Task statement: Beginning at the line containing "校友會(huì)2025黑龍" in the material below and ending at the line containing "협박[Duress, (구)협박] 렙제", return each line exactly and add nothing.

Record extracts:
- - - - -
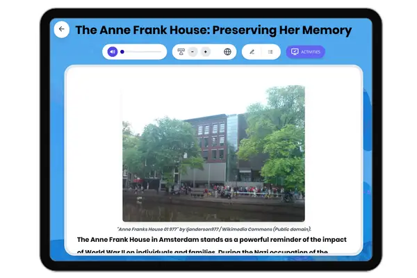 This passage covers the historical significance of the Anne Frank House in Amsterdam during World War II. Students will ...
- - - - -
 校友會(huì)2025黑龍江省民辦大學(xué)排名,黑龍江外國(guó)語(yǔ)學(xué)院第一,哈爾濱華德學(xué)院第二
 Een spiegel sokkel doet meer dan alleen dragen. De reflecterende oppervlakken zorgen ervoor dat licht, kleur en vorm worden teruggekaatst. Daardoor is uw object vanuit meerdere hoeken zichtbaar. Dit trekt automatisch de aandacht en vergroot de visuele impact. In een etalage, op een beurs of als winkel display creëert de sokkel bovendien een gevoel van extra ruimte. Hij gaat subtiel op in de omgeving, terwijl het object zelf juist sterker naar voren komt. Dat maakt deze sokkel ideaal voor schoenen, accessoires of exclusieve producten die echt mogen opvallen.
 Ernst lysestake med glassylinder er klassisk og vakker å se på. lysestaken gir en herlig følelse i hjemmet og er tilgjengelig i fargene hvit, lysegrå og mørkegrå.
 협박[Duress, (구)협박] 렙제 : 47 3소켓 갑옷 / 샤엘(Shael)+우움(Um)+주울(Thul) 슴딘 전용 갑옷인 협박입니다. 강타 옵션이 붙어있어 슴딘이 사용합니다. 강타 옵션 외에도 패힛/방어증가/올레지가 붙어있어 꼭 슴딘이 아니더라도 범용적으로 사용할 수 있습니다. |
- - - - -
Your response:
 校友會(huì)2025黑龍江省民辦大學(xué)排名,黑龍江外國(guó)語(yǔ)學(xué)院第一,哈爾濱華德學(xué)院第二
 Een spiegel sokkel doet meer dan alleen dragen. De reflecterende oppervlakken zorgen ervoor dat licht, kleur en vorm worden teruggekaatst. Daardoor is uw object vanuit meerdere hoeken zichtbaar. Dit trekt automatisch de aandacht en vergroot de visuele impact. In een etalage, op een beurs of als winkel display creëert de sokkel bovendien een gevoel van extra ruimte. Hij gaat subtiel op in de omgeving, terwijl het object zelf juist sterker naar voren komt. Dat maakt deze sokkel ideaal voor schoenen, accessoires of exclusieve producten die echt mogen opvallen.
 Ernst lysestake med glassylinder er klassisk og vakker å se på. lysestaken gir en herlig følelse i hjemmet og er tilgjengelig i fargene hvit, lysegrå og mørkegrå.
 협박[Duress, (구)협박] 렙제 : 47 3소켓 갑옷 / 샤엘(Shael)+우움(Um)+주울(Thul) 슴딘 전용 갑옷인 협박입니다. 강타 옵션이 붙어있어 슴딘이 사용합니다. 강타 옵션 외에도 패힛/방어증가/올레지가 붙어있어 꼭 슴딘이 아니더라도 범용적으로 사용할 수 있습니다. |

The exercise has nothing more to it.